Clapclapclapclapclapclap !


– J’en profite pour également remercier les nombreuses bénévoles qui donnent sans compter leur temps et leur énergie au bon fonctionnement de notre association.


Clapclapclapclapclapclap !


– J’ajouterai un dernier mot pour remercier également le Docteur Robert Shank, psychanalyste bénévole œuvrant à nos côtés.


Clapclapclapclapclapclap !


(Vingt minutes plus tard.)


– Nous voici aux questions diverses. Une demande émanait de notre antenne de La Baule – Saint-Nazaire. Mais je vais laisser la parole à Vanessa, responsable de cette antenne.


Clapclap !


– Je t’en prie, Vanessa.

– Bonsoir.

– Booooon-soiiiiir-Vaaaa-neeeees-ssaaaaaa !

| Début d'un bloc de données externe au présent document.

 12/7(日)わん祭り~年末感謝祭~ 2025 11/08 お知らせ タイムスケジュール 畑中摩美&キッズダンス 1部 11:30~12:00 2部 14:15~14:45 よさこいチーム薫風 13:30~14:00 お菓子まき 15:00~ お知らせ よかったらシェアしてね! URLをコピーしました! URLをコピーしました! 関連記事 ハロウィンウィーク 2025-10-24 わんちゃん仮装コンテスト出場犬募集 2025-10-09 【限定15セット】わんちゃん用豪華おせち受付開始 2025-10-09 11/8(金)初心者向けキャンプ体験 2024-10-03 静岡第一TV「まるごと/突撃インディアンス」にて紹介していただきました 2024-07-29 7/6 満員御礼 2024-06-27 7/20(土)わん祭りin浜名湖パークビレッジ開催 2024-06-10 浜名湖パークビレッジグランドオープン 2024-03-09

– Nous t’écoutons, Vanessa.

– Voilà : nous souhaiterions voter une motion pour durcir quelque peu les conditions d’adhésion.


Ahemahemahemahem !


– Plus précisément, vous devez savoir que suite au séjour récent de Gufti Shank dans notre région, nous croulons sous les demandes. Certaines sont farfelues et menacent de discréditer la réalité des besoins des adhérentes entre guillemets sérieuses.


Brouhahabrouhahabrouhaha.


– Euh… excusez-moi, je me permets d’intervenir ; je m’appelle Élisabeth, je suis responsable de l’antenne de Nantes. Je voudrais confirmer que cet effet s’est fait sentir jusqu’à chez nous et apporter mon soutien à cette proposition.


Brouhaha.


– Bonsoir, j’interviens également ; je m’appelle Angélina, je suis responsable de l’antenne de Vannes et j’abonde dans le même sens. Chez nous également, les demandes ont explosé ces deux dernières semaines.


Brouhahabrouhahabrouhaha.


– S’il vous plaît, un peu de calme… Merci… Et, Vanessa, quels seraient vos desiderata ?

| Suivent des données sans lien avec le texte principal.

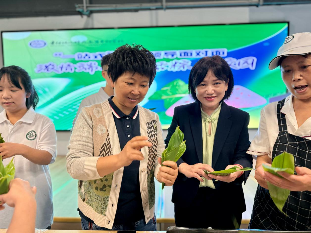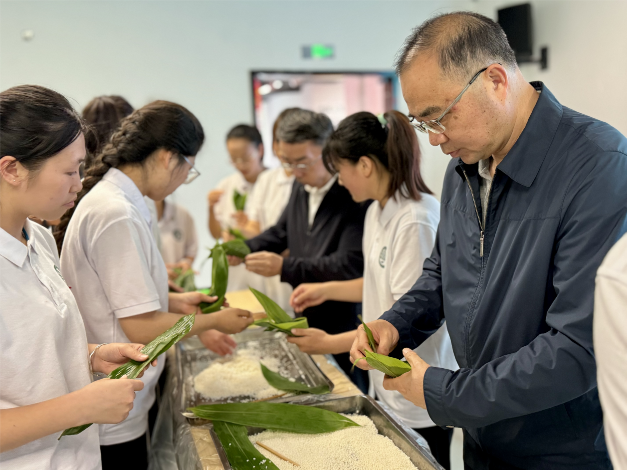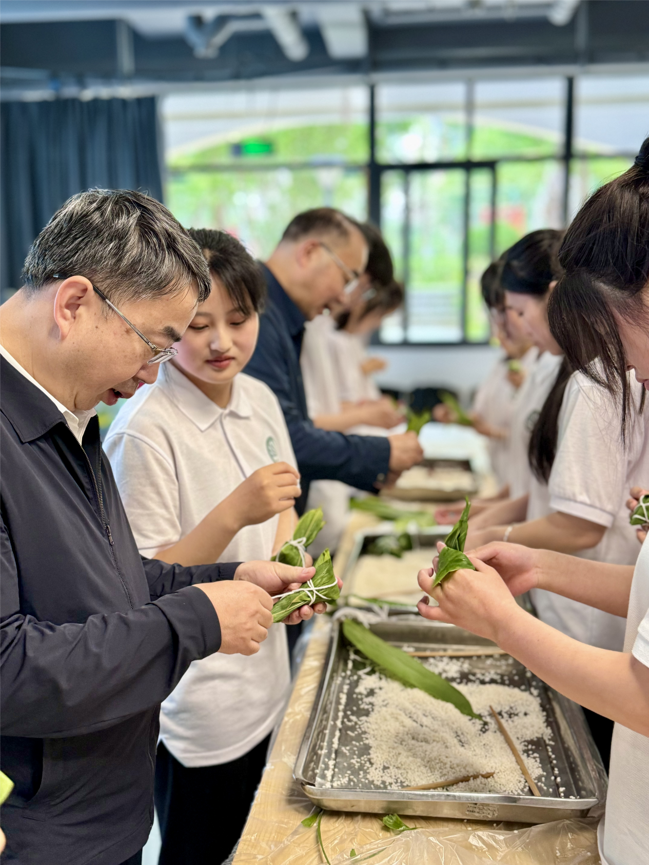 学校党委书记李华荣,校长翟理红,党委副书记廖光力,党委委员、副校长潘丽芬,党委委员、纪委书记陈尧年与学生们一同回顾了端午节的历史文化,共同参与了包粽子等传统习俗体验,深化了对端午文化的理解和感悟,同时加强了师生之间的情感交流。
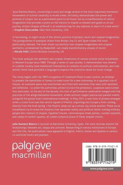 The study begins with the 1993 occupation of Claremont Road in east London, an attempt to prevent the demolition of homes to make room for a new motorway. In a squatted row of houses, all available space was transformed and filled with elements that were both aesthetic and defensive - so when the authorities arrived to evict the protestors, sculptures were turned into barricades. At the end of the decade, this kind of performative celebration merged with the practices of the antiglobalisation movement, where activists staged spectacular parallel events alongside the global elite's international meetings. As this book shows, social movements try to erase the distance that separates reality and political desire, turning ordinary people into creators of utopias. Squatted houses, carnivalesque street parties, counter-summits, and camps in central squares, all create a physical place of these utopian visions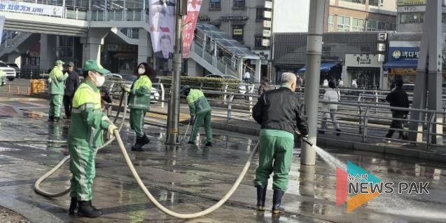 뉴스팍 배상미 기자 | 수원시 팔달구는 지난 12일, 최근 지속된 영하권 날씨로 물청소가 중단됐던 수원역 로데오거리 일대에 대해 환경정비 활동을 실시했다고 밝혔다.

– Nous souhaiterions que toute candidate membre subisse un examen psychologique avant sa demande d’adhésion et que le compte-rendu de cet examen soit joint au dossier d’adhésion.

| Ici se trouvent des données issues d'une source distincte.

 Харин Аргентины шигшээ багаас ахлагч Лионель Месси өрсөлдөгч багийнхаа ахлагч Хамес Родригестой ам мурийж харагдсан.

Clapclapbrouhahaclapbrouhahaclapahemahembrouhahaclapclap !


(Quarante minutes plus tard.)


– Bien, mesdames, mesdemoiselles, je vous remercie infiniment de votre patience et de votre participation. Je déclare l’assemblée levée. Je vous convie à partager un verre avant d’assister, si vous le souhaitez, à la conférence du Docteur Héléna Brjownakova sur le thème de « l’Adolescence de Gufti Shank : entre mythe et réalité ». Bonne soirée à toutes.